Task statement:
Your answer should hold exactly the lines below from the line with "A red beach" through the line with "Figure 3: A", both included, and no pictures at all.

Input data:
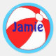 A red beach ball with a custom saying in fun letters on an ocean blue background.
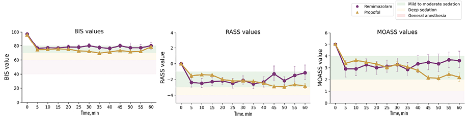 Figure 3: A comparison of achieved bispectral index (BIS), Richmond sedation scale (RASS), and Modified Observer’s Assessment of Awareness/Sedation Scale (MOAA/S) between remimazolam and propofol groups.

---

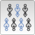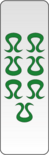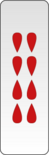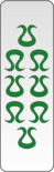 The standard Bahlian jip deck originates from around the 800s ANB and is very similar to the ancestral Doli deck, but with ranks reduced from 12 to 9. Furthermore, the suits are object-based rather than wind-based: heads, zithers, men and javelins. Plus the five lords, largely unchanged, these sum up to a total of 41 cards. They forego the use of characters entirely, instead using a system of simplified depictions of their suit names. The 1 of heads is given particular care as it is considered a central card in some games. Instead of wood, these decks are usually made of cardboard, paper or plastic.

Output below:
 A red beach ball with a custom saying in fun letters on an ocean blue background.
 Figure 3: A comparison of achieved bispectral index (BIS), Richmond sedation scale (RASS), and Modified Observer’s Assessment of Awareness/Sedation Scale (MOAA/S) between remimazolam and propofol groups.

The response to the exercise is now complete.